▸ **EXERCISE OBJECTIVE**: The full listing, copied exactly and free of pictures, is the expected reply.

▸ **DATA**:
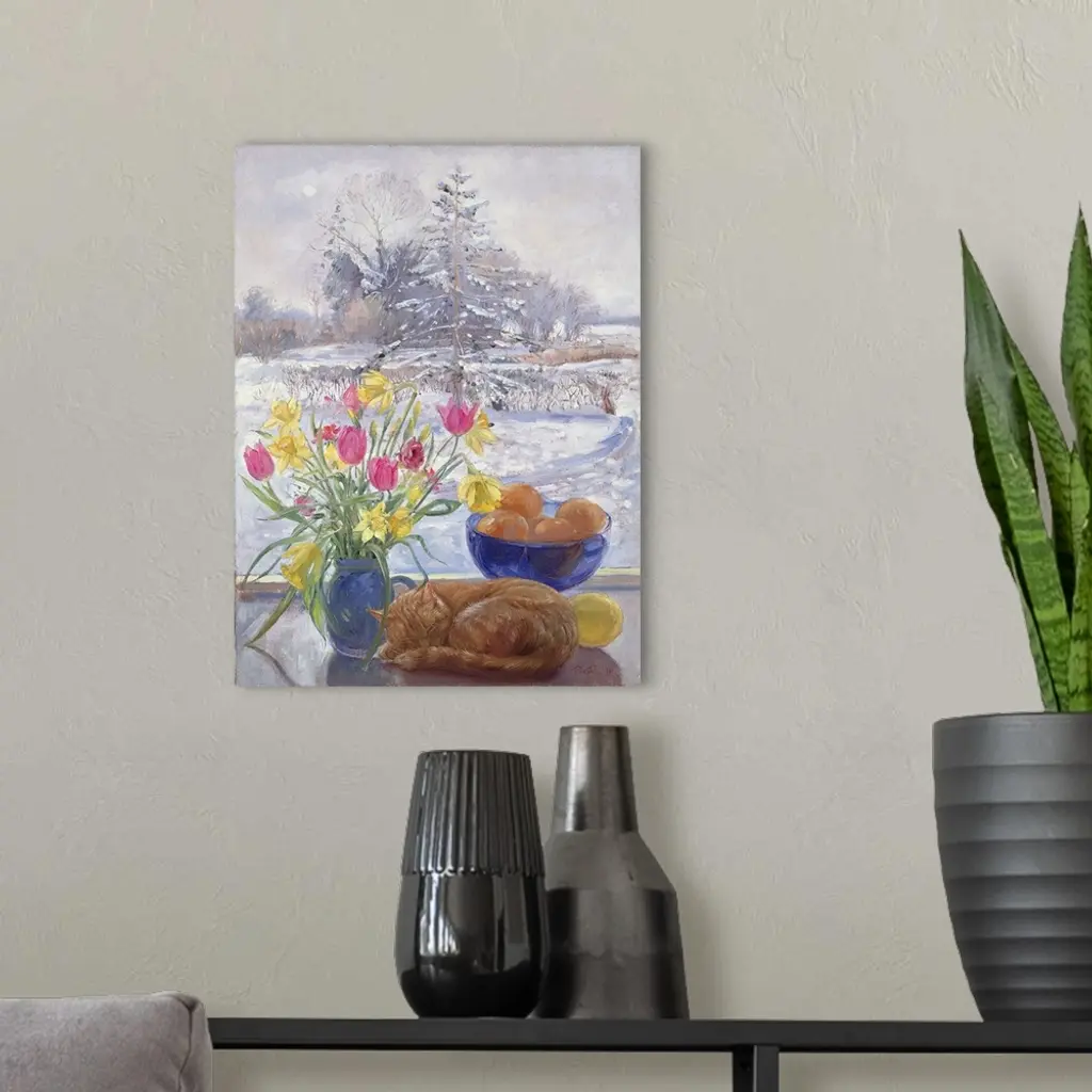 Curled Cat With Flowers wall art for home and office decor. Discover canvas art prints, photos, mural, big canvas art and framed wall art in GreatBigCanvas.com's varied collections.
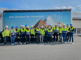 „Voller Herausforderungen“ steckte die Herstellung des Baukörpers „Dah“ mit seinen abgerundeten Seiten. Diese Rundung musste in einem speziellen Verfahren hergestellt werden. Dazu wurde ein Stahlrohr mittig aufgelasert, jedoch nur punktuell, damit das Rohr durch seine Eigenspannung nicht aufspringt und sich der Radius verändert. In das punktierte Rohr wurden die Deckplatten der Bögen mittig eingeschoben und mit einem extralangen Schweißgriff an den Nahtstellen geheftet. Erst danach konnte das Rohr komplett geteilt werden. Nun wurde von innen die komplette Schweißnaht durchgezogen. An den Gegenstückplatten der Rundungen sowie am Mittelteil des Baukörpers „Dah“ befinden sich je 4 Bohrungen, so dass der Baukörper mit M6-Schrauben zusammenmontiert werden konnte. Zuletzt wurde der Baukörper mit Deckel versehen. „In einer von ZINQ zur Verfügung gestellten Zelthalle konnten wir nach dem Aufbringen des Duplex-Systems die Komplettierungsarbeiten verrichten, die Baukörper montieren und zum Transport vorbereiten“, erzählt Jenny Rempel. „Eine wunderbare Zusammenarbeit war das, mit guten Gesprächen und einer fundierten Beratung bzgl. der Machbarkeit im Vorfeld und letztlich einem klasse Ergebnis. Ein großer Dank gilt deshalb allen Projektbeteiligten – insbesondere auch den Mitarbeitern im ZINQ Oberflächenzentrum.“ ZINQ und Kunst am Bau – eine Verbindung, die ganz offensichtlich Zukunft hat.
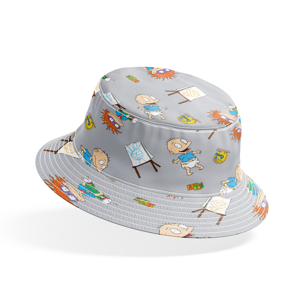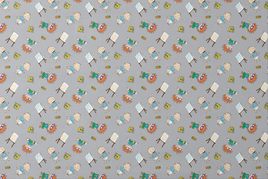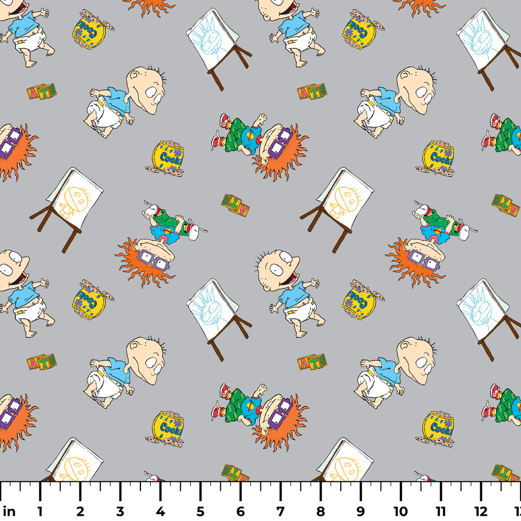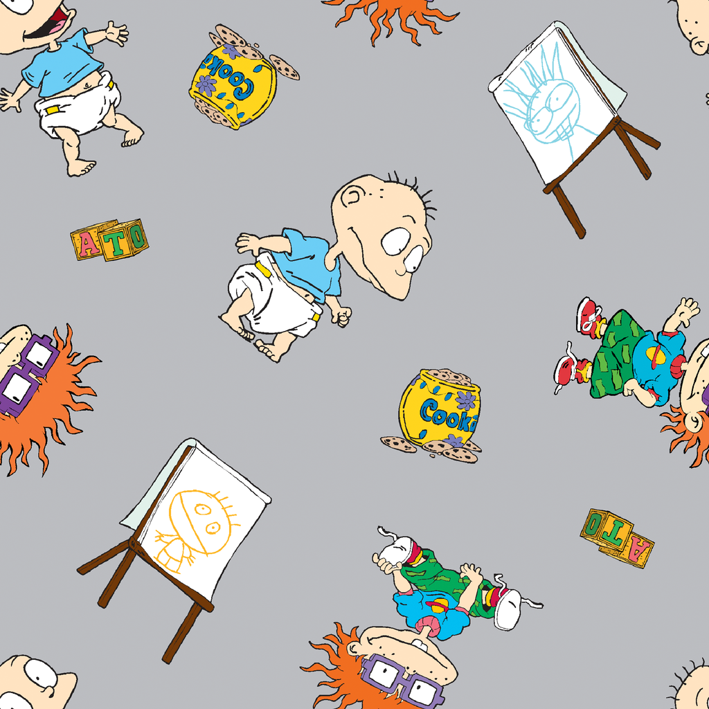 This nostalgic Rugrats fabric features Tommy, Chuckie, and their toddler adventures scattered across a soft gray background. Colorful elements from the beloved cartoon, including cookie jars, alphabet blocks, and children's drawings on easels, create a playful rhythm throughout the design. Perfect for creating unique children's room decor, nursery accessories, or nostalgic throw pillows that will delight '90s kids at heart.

▸ **TASK RESPONSE**:
 Curled Cat With Flowers wall art for home and office decor. Discover canvas art prints, photos, mural, big canvas art and framed wall art in GreatBigCanvas.com's varied collections.
 „Voller Herausforderungen“ steckte die Herstellung des Baukörpers „Dah“ mit seinen abgerundeten Seiten. Diese Rundung musste in einem speziellen Verfahren hergestellt werden. Dazu wurde ein Stahlrohr mittig aufgelasert, jedoch nur punktuell, damit das Rohr durch seine Eigenspannung nicht aufspringt und sich der Radius verändert. In das punktierte Rohr wurden die Deckplatten der Bögen mittig eingeschoben und mit einem extralangen Schweißgriff an den Nahtstellen geheftet. Erst danach konnte das Rohr komplett geteilt werden. Nun wurde von innen die komplette Schweißnaht durchgezogen. An den Gegenstückplatten der Rundungen sowie am Mittelteil des Baukörpers „Dah“ befinden sich je 4 Bohrungen, so dass der Baukörper mit M6-Schrauben zusammenmontiert werden konnte. Zuletzt wurde der Baukörper mit Deckel versehen. „In einer von ZINQ zur Verfügung gestellten Zelthalle konnten wir nach dem Aufbringen des Duplex-Systems die Komplettierungsarbeiten verrichten, die Baukörper montieren und zum Transport vorbereiten“, erzählt Jenny Rempel. „Eine wunderbare Zusammenarbeit war das, mit guten Gesprächen und einer fundierten Beratung bzgl. der Machbarkeit im Vorfeld und letztlich einem klasse Ergebnis. Ein großer Dank gilt deshalb allen Projektbeteiligten – insbesondere auch den Mitarbeitern im ZINQ Oberflächenzentrum.“ ZINQ und Kunst am Bau – eine Verbindung, die ganz offensichtlich Zukunft hat.
 This nostalgic Rugrats fabric features Tommy, Chuckie, and their toddler adventures scattered across a soft gray background. Colorful elements from the beloved cartoon, including cookie jars, alphabet blocks, and children's drawings on easels, create a playful rhythm throughout the design. Perfect for creating unique children's room decor, nursery accessories, or nostalgic throw pillows that will delight '90s kids at heart.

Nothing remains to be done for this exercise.